What needs to be done => Reprint the whole of the data exactly.

━━━ Input data

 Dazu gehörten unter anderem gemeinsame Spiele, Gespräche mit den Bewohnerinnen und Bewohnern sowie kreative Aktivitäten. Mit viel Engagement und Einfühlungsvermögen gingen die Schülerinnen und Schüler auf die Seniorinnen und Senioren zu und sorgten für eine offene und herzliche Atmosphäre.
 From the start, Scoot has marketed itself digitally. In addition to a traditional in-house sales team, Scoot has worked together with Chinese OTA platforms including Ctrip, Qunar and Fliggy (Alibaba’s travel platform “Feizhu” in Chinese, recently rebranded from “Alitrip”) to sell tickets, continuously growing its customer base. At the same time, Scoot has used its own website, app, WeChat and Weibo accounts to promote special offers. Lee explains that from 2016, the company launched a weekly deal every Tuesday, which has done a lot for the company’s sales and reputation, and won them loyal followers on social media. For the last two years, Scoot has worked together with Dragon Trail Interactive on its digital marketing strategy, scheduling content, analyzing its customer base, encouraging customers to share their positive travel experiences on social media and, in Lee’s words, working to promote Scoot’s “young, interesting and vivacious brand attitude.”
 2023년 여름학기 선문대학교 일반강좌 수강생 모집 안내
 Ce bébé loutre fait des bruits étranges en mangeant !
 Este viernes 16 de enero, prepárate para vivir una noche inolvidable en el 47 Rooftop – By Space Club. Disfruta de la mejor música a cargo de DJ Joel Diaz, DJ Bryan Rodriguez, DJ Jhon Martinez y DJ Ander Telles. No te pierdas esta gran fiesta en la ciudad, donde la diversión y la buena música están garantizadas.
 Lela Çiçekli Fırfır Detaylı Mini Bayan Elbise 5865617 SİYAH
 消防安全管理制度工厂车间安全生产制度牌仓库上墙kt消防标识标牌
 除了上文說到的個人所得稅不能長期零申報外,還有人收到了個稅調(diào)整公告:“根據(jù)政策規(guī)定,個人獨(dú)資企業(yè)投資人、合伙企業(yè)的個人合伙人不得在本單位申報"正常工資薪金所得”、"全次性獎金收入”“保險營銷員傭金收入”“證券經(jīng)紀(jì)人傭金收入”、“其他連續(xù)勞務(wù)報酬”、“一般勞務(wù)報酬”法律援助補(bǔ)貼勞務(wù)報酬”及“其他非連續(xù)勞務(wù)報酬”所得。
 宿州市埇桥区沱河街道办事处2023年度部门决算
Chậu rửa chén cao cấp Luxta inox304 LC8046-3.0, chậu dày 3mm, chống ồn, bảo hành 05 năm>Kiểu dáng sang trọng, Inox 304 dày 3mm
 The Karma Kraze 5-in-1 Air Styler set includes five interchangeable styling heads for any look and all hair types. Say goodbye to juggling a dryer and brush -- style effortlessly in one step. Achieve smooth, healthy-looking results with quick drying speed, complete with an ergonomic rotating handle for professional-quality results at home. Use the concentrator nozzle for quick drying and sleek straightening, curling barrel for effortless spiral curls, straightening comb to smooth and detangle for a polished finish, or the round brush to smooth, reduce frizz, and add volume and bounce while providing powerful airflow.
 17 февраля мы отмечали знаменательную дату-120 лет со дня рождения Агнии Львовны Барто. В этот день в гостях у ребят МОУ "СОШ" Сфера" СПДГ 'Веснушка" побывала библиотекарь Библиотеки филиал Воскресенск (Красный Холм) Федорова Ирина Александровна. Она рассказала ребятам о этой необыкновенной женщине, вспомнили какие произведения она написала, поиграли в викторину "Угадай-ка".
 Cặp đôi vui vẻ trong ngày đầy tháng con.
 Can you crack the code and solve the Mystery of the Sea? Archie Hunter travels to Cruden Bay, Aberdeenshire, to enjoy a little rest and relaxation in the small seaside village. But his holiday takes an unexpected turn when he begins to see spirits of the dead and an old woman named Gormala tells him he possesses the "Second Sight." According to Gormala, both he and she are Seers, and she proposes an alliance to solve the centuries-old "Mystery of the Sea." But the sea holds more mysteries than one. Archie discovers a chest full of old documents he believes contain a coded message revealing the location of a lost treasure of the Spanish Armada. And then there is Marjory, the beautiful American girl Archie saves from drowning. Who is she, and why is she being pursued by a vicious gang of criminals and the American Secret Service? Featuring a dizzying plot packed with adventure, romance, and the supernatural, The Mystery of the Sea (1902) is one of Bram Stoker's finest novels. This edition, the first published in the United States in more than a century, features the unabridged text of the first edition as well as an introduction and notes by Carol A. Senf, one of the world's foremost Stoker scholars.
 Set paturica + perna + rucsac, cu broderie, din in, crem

━━━━━━

Task result =>
 Dazu gehörten unter anderem gemeinsame Spiele, Gespräche mit den Bewohnerinnen und Bewohnern sowie kreative Aktivitäten. Mit viel Engagement und Einfühlungsvermögen gingen die Schülerinnen und Schüler auf die Seniorinnen und Senioren zu und sorgten für eine offene und herzliche Atmosphäre.
 From the start, Scoot has marketed itself digitally. In addition to a traditional in-house sales team, Scoot has worked together with Chinese OTA platforms including Ctrip, Qunar and Fliggy (Alibaba’s travel platform “Feizhu” in Chinese, recently rebranded from “Alitrip”) to sell tickets, continuously growing its customer base. At the same time, Scoot has used its own website, app, WeChat and Weibo accounts to promote special offers. Lee explains that from 2016, the company launched a weekly deal every Tuesday, which has done a lot for the company’s sales and reputation, and won them loyal followers on social media. For the last two years, Scoot has worked together with Dragon Trail Interactive on its digital marketing strategy, scheduling content, analyzing its customer base, encouraging customers to share their positive travel experiences on social media and, in Lee’s words, working to promote Scoot’s “young, interesting and vivacious brand attitude.”
 2023년 여름학기 선문대학교 일반강좌 수강생 모집 안내
 Ce bébé loutre fait des bruits étranges en mangeant !
 Este viernes 16 de enero, prepárate para vivir una noche inolvidable en el 47 Rooftop – By Space Club. Disfruta de la mejor música a cargo de DJ Joel Diaz, DJ Bryan Rodriguez, DJ Jhon Martinez y DJ Ander Telles. No te pierdas esta gran fiesta en la ciudad, donde la diversión y la buena música están garantizadas.
 Lela Çiçekli Fırfır Detaylı Mini Bayan Elbise 5865617 SİYAH
 消防安全管理制度工厂车间安全生产制度牌仓库上墙kt消防标识标牌
 除了上文說到的個人所得稅不能長期零申報外,還有人收到了個稅調(diào)整公告:“根據(jù)政策規(guī)定,個人獨(dú)資企業(yè)投資人、合伙企業(yè)的個人合伙人不得在本單位申報"正常工資薪金所得”、"全次性獎金收入”“保險營銷員傭金收入”“證券經(jīng)紀(jì)人傭金收入”、“其他連續(xù)勞務(wù)報酬”、“一般勞務(wù)報酬”法律援助補(bǔ)貼勞務(wù)報酬”及“其他非連續(xù)勞務(wù)報酬”所得。
 宿州市埇桥区沱河街道办事处2023年度部门决算
Chậu rửa chén cao cấp Luxta inox304 LC8046-3.0, chậu dày 3mm, chống ồn, bảo hành 05 năm>Kiểu dáng sang trọng, Inox 304 dày 3mm
 The Karma Kraze 5-in-1 Air Styler set includes five interchangeable styling heads for any look and all hair types. Say goodbye to juggling a dryer and brush -- style effortlessly in one step. Achieve smooth, healthy-looking results with quick drying speed, complete with an ergonomic rotating handle for professional-quality results at home. Use the concentrator nozzle for quick drying and sleek straightening, curling barrel for effortless spiral curls, straightening comb to smooth and detangle for a polished finish, or the round brush to smooth, reduce frizz, and add volume and bounce while providing powerful airflow.
 17 февраля мы отмечали знаменательную дату-120 лет со дня рождения Агнии Львовны Барто. В этот день в гостях у ребят МОУ "СОШ" Сфера" СПДГ 'Веснушка" побывала библиотекарь Библиотеки филиал Воскресенск (Красный Холм) Федорова Ирина Александровна. Она рассказала ребятам о этой необыкновенной женщине, вспомнили какие произведения она написала, поиграли в викторину "Угадай-ка".
 Cặp đôi vui vẻ trong ngày đầy tháng con.
 Can you crack the code and solve the Mystery of the Sea? Archie Hunter travels to Cruden Bay, Aberdeenshire, to enjoy a little rest and relaxation in the small seaside village. But his holiday takes an unexpected turn when he begins to see spirits of the dead and an old woman named Gormala tells him he possesses the "Second Sight." According to Gormala, both he and she are Seers, and she proposes an alliance to solve the centuries-old "Mystery of the Sea." But the sea holds more mysteries than one. Archie discovers a chest full of old documents he believes contain a coded message revealing the location of a lost treasure of the Spanish Armada. And then there is Marjory, the beautiful American girl Archie saves from drowning. Who is she, and why is she being pursued by a vicious gang of criminals and the American Secret Service? Featuring a dizzying plot packed with adventure, romance, and the supernatural, The Mystery of the Sea (1902) is one of Bram Stoker's finest novels. This edition, the first published in the United States in more than a century, features the unabridged text of the first edition as well as an introduction and notes by Carol A. Senf, one of the world's foremost Stoker scholars.
 Set paturica + perna + rucsac, cu broderie, din in, crem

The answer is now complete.